# Revisiting NEC 210.52(C): Defiining Similar Areas



## Papio Bldg Dept (Sep 13, 2011)

We are currently updating our NEC code editions to the 2011 edition and are revisiting Section 210.52©, for similar areas, and whether or not it is reasonable to consider a kitchenette/bar counters in finished basements as a similar areas as defined.  The following are two responses I received last time we visited this issue:

Code response #1: _ As for spacing I would consider it a "Similar Area" and it is intended to supplement the extension in theory of the kitchen type area. Now, I would not require GFCI but the required spacing is enforced because NEC 210.52© makes reference to the Similar Areas but in NEC 210.8(6) makes no reference other than to kitchens....so I would not require them to be GFCI protected however._

_You still have to meet the requirements of 210.52©(1) - ©(5). _

Code response # 2:  _There was a change from the 2005 and the 2008 code cycles in 210.52© where the words “pantries, breakfast rooms, and similar areas of dwelling units” was added._

_This change would now address the Butler Station as outlined in your question as to the installation spacing requirements of the counter top._

_As outlined in 210.8 only those receptacles over the kitchen counter top would require GFCI protection._

_As outlined in 210.12 Arc-Fault would be required as the Butler Station is not part of the kitchen._



In my opinion, the requirement is for areas where counter-top spaces are likely to be used with counter-top appliances, and in my experience this very much applies to basement finish kitchenette/bars where families and friends commonly gather on weekends and holidays loading up these counter-tops with blenders, crock-pots, and other appliances.  I have heard many arguments, mostly in favor of not requiring spacing and 20amp circuits.  The most common reasons have usually been voiced in "this is the way it has always been done," but clearly the NEC has made some changes in the language that might suggest they are not intending to continue this way.  Again this issue centers around the vagueness, or lack of definition, particularly the word "similar," and the intent of the code change versus the historical application of the code section.
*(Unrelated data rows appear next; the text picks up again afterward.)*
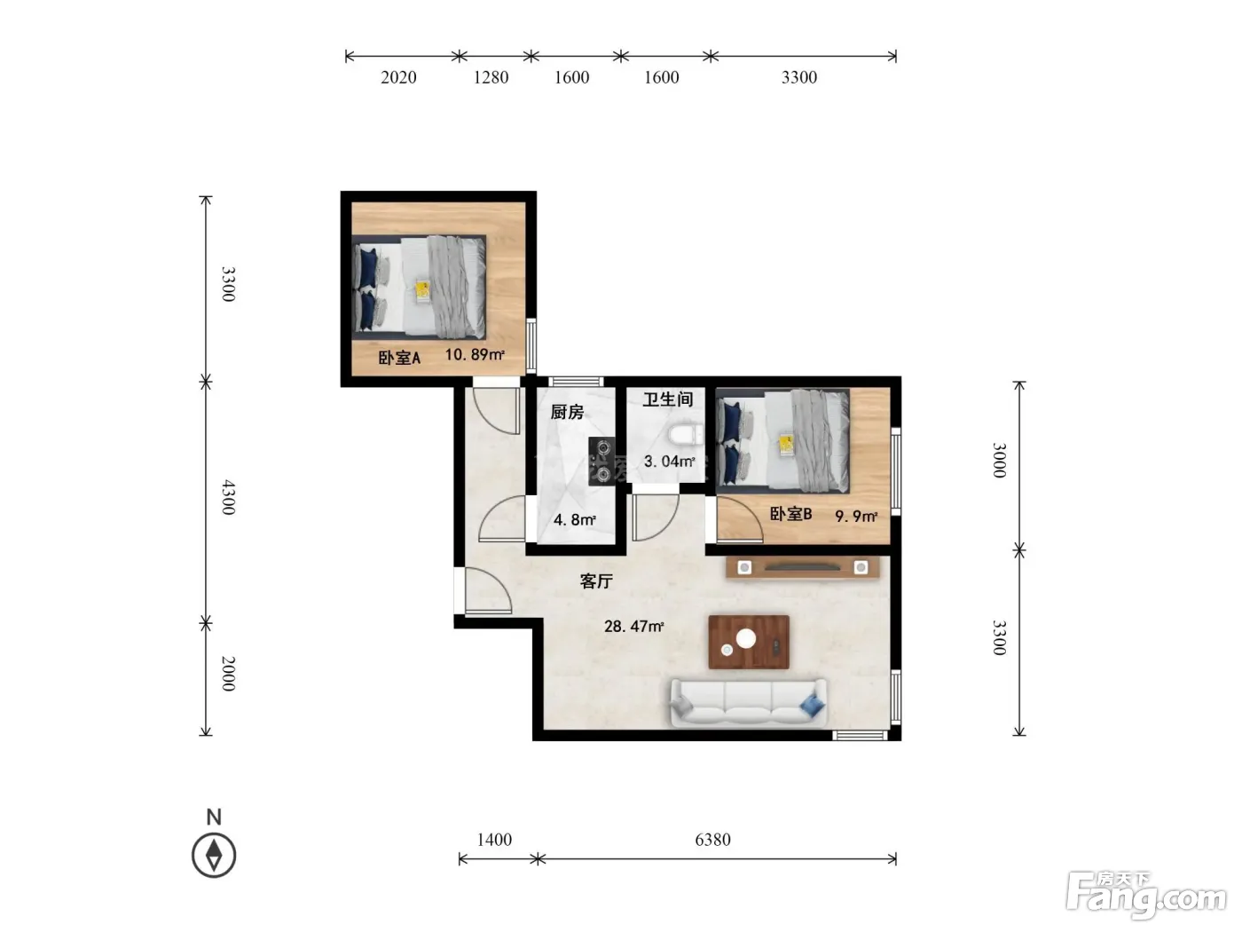 户型齐全,主打明厨,客厅朝南,双卧朝南二居
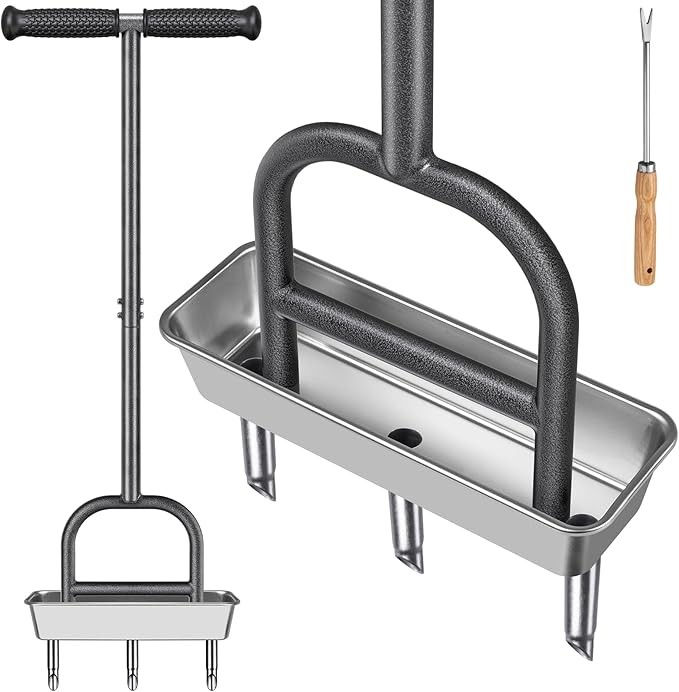 - Stainless Steel Soil Core Storage Tray: The soil storage tray of this manual grass aerating tool is made of SUS 304 stainless steel, which prevents rust and deformation. The container design allows for automatic collection of the ejected plugs, saving you time and effort in cleaning the lawn.
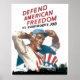 A WWII vintage poster showing Uncle Sam with rolloed up sleeves, removing his top hat in favour of a work cap. A background of war time factories.
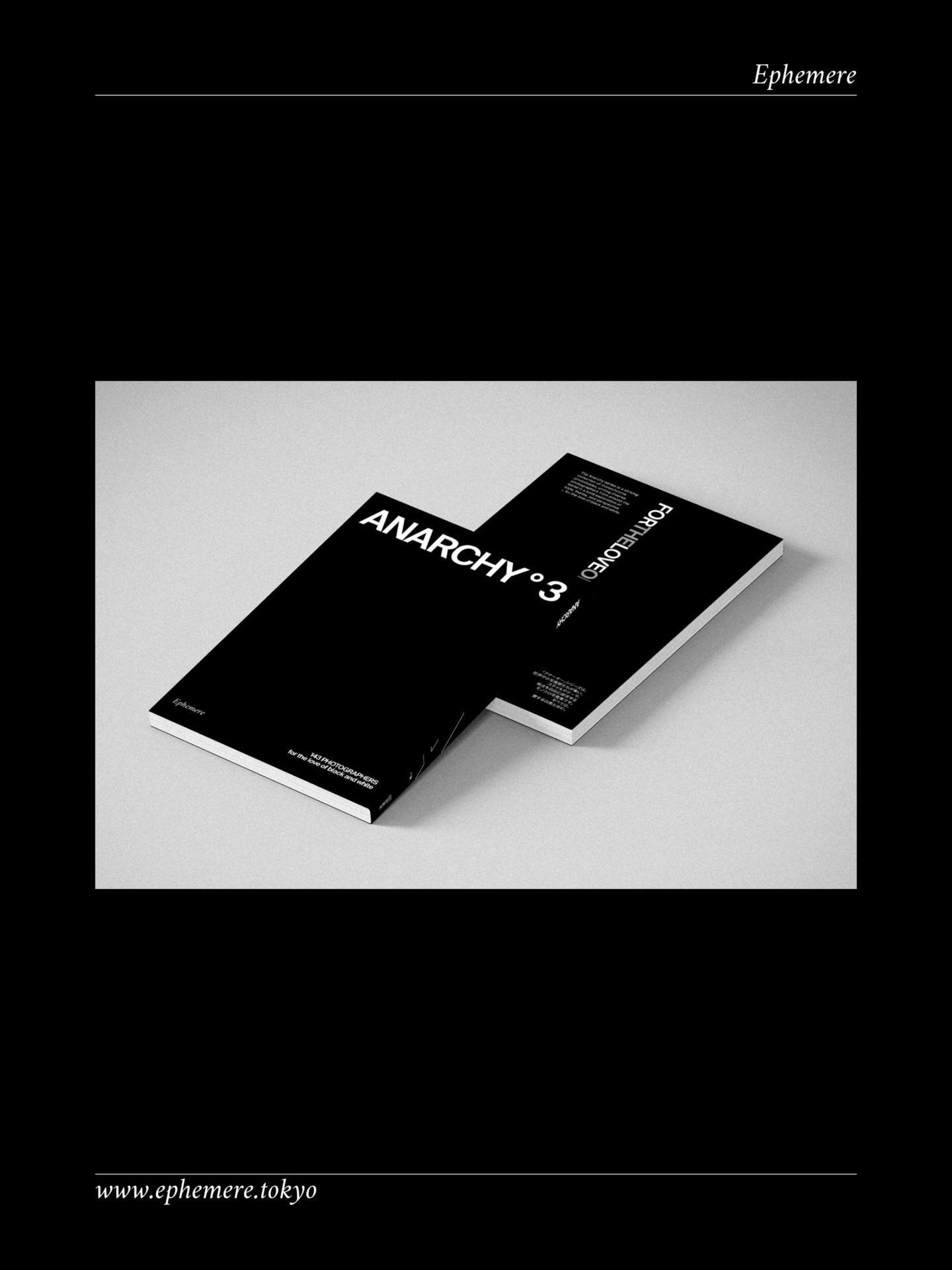 このたび、モノクロ写真集『Anarchyº3』に私の作品も選出され、掲載されました。Ephemere が展開するブラック&ホワイト写真シリーズ三部作の最終巻となる本書には、1,000点以上の応募の中から選ばれた、世界25カ国・143名の写真家が参加しています。多様なモノクロ表現が交差する一冊の中に、自分の作品を加えられたことをとても光栄に思います。世界発送は2026年3月中旬より開始予定です。 詳細はこちらのサイトをご覧ください。
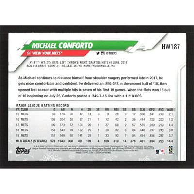 This is a 2020 Topps Wal-Mart Holiday Michael Conforto baseball card. The card is #HW187 and pictures show condition.
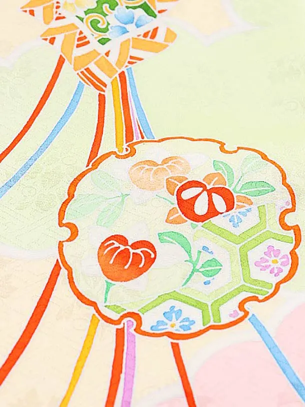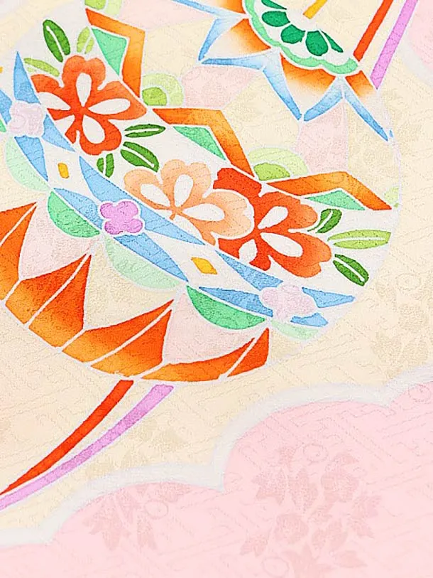 女児産着 お宮参りレンタル1708 正絹 ピンク地 雪輪 薬玉 まり
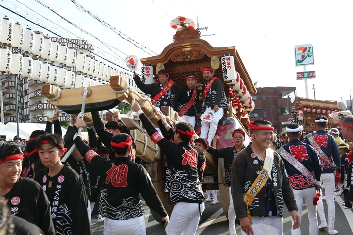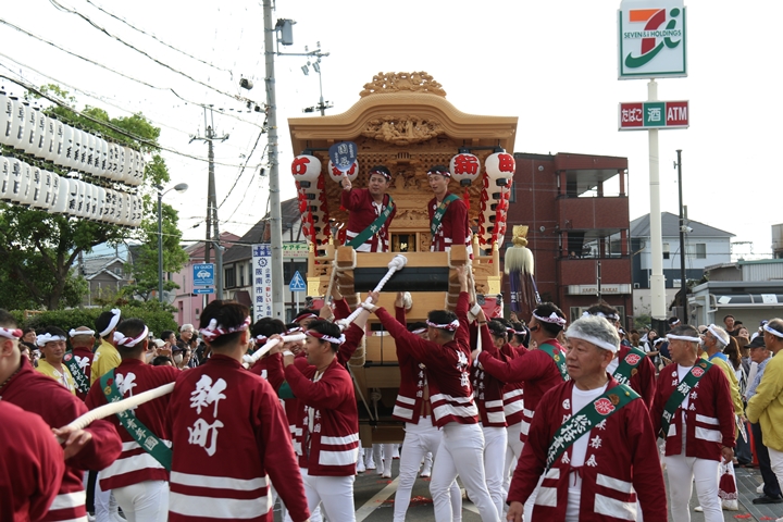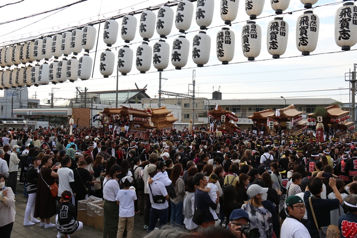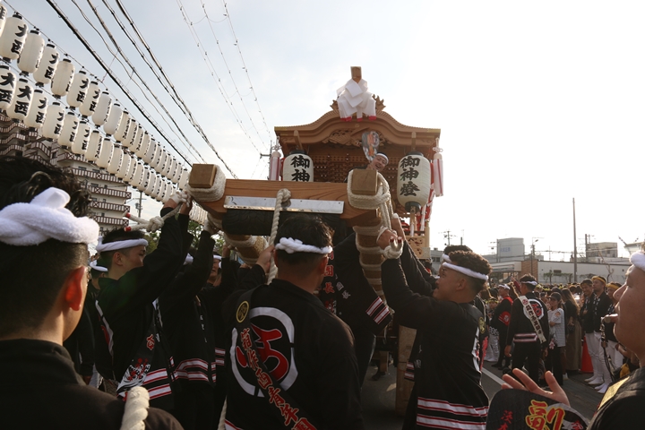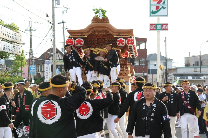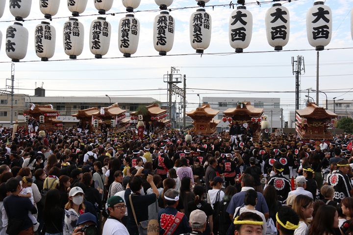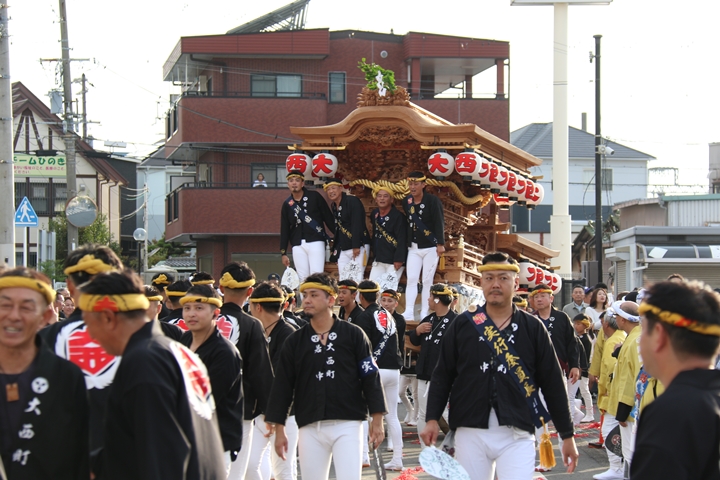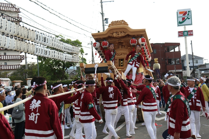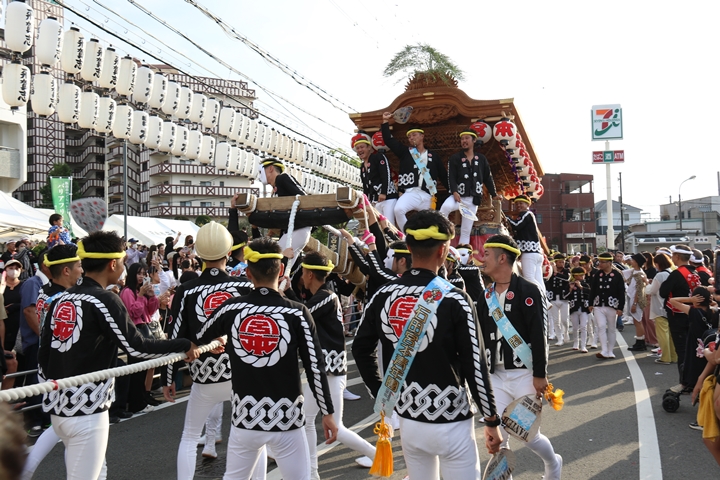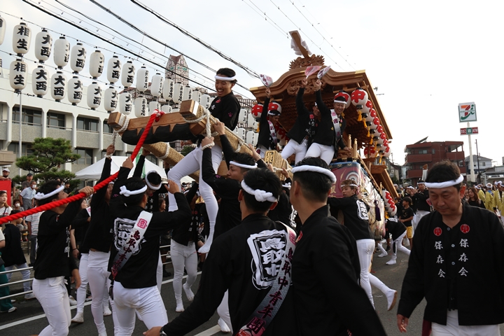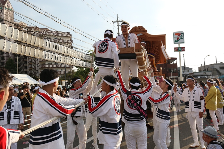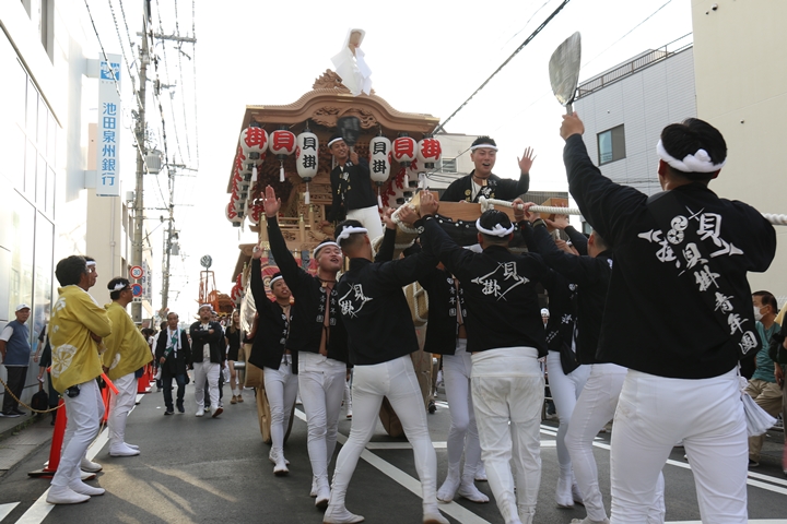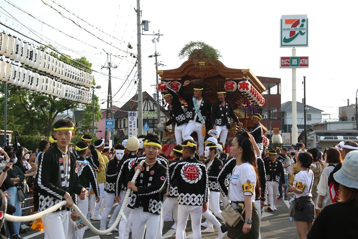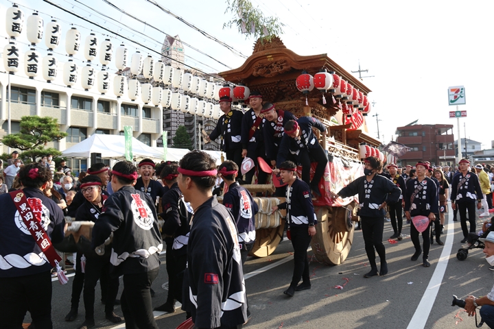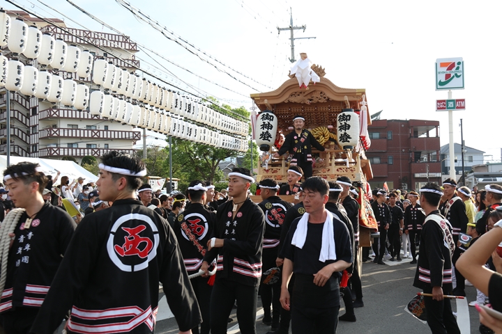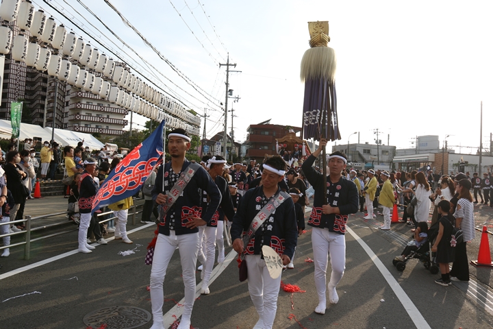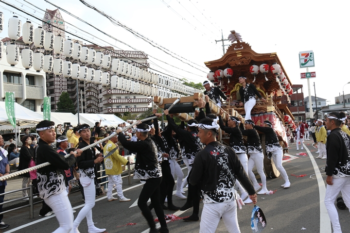 ![]() 貝掛のやぐらと一緒にパレードコースへ移動します。 |
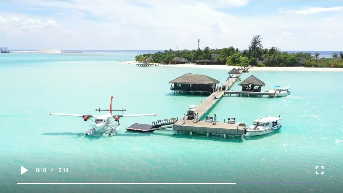 A port with a water plane arriving, boats anchored on a small island of white sand and turquoise blue sea.
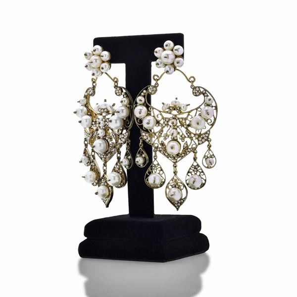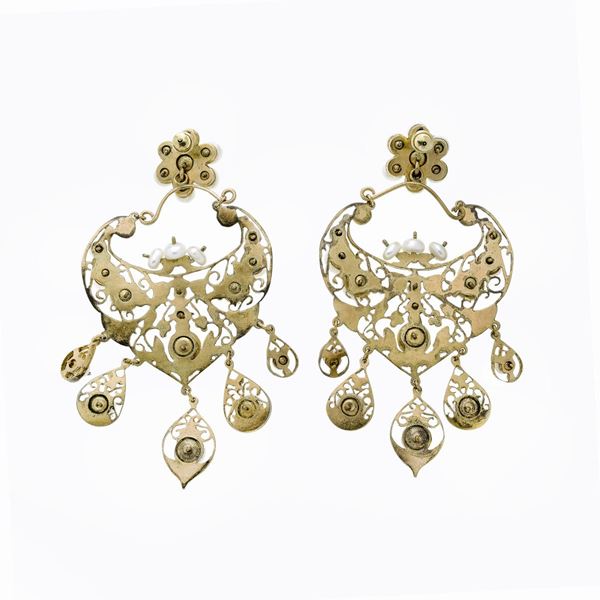 Pair of large drop earrings in low titre gold, micro-pearls and pearls
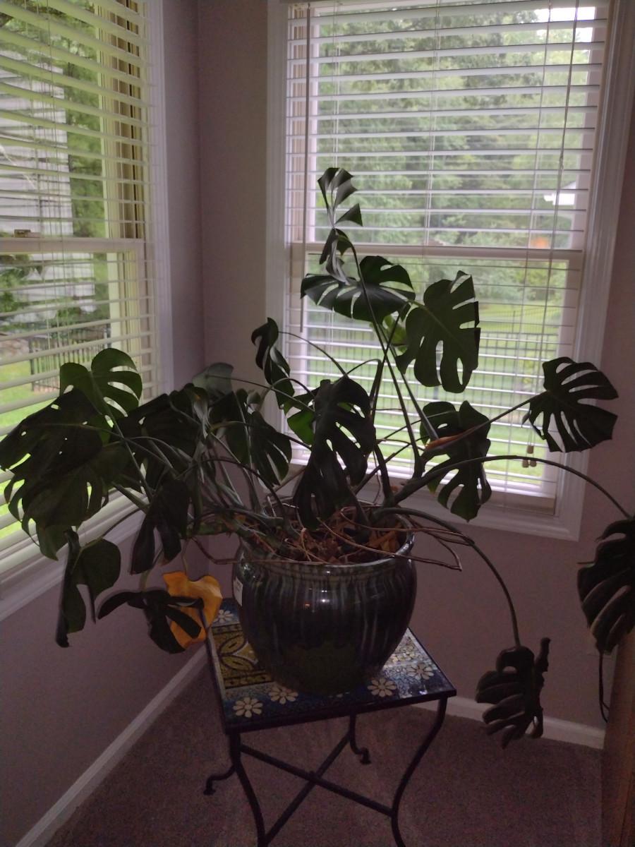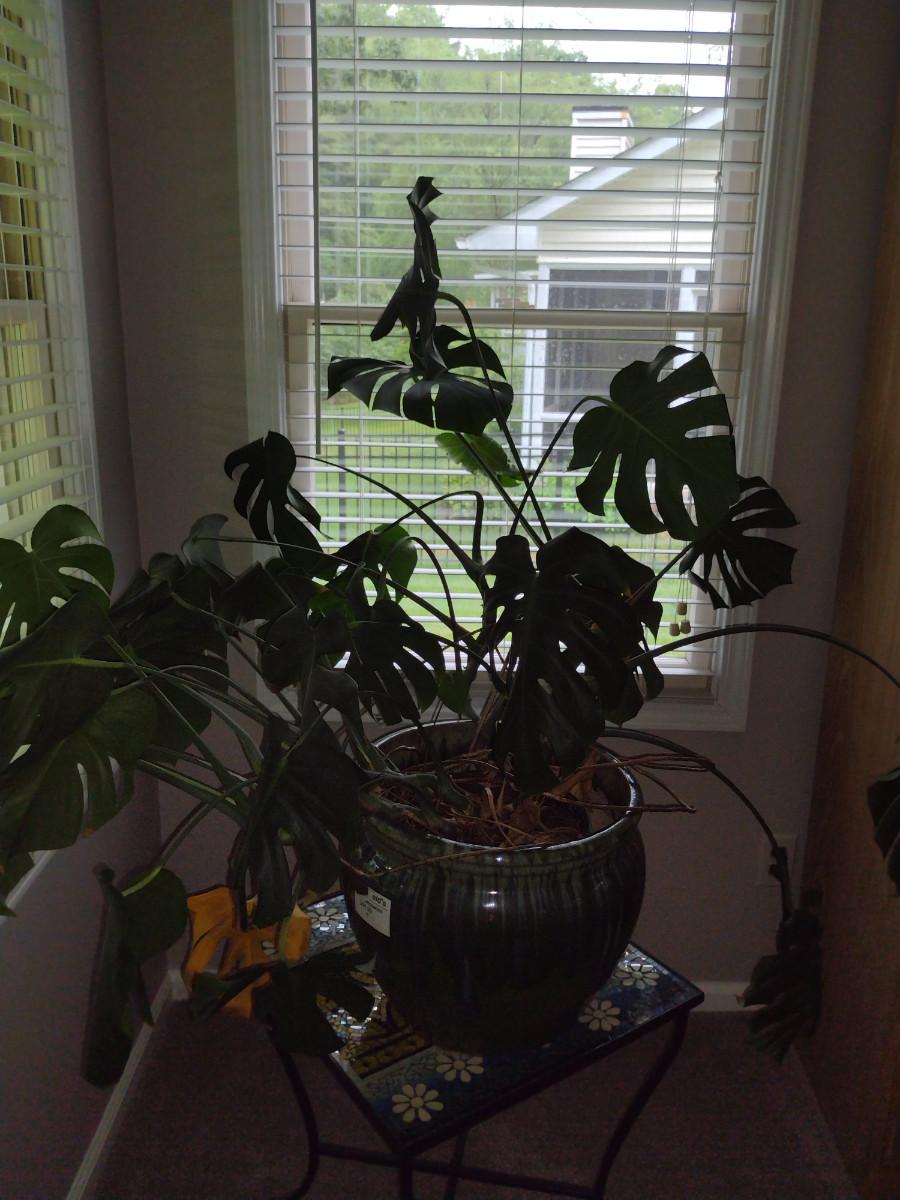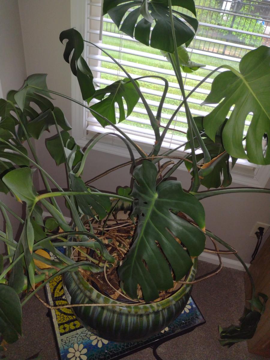 Split-Leaf Philodendron Live Plant in Glazed Ceramic Pot. Pot is approx 14" in diameter, 12" tall. Table not included.

Any thoughts or comments would be greatly appreciated.  Thank you.


----------



## BSSTG (Sep 13, 2011)

Greetings,

If you call it a kitchenette, then it's a kitchen, albeit a small one. If you call it a bar counter, then the 6 foot rule comes into play. Either way, GFCI required. As for spacing, I would use the same analogy. Check out the definition of "kitchen" in the NEC. It must have permanent provisions for food prep and cooking.

BS


----------



## Papio Bldg Dept (Sep 13, 2011)

BSSTG said:
			
		

> Greetings,If you call it a kitchenette, then it's a kitchen, albeit a small one. If you call it a bar counter, then the 6 foot rule comes into play. Either way, GFCI required. As for spacing, I would use the same analogy. Check out the definition of "kitchen" in the NEC. It must have permanent provisions for food prep and cooking.
> 
> BS


Thanks BSSTG, but the section is not limited to "kitchens" as it also adds pantries, breakfast rooms, and similar areas to the list, none of which are required to have permanent provisions for food prep and cooking.  Limiting it to kitchens is how the 2005 NEC and previous electrical codes handled it, and that mind set does not address the expanded code language.  Granted only kitchens is defined, but a bar counter is not all that different from a traditional pantry counter, that often times only has a single basin sink and counter.  How do permanent provisions for food prep and cooking affect the need/use of counter-top appliances?  In my opinion, they make the need for hot plates, toaster ovens, microwaves and crock-pots less likely, while increasing the need for other cooking appliances such as blenders, food processors, mixers, bread makers, etc.


----------



## north star (Sep 13, 2011)

*& & & &*

Papio,

Why not just add the language to amend the NEC, that your AHJ deems
applicable, ...such as the bar counter tops, and / or counter tops in
general......IMO, the use of any counter top, anywhere, would need to
adhere to the spacing & GFCI requirements......Also, the "less likely
need" for hot plates, toaster ovens, microwaves and crock pots
should not overlooked.....In my experience [ IME ], if there is a counter
top somewhere, ...someone will inevitably, use it for an appliance,
...gadget, ...thing-a-mah-dooey, or something that requires the use
of electricity......Now, add a sink or source of water to the "counter
top equation" and the need for GFCI protection, IMO, becomes critical.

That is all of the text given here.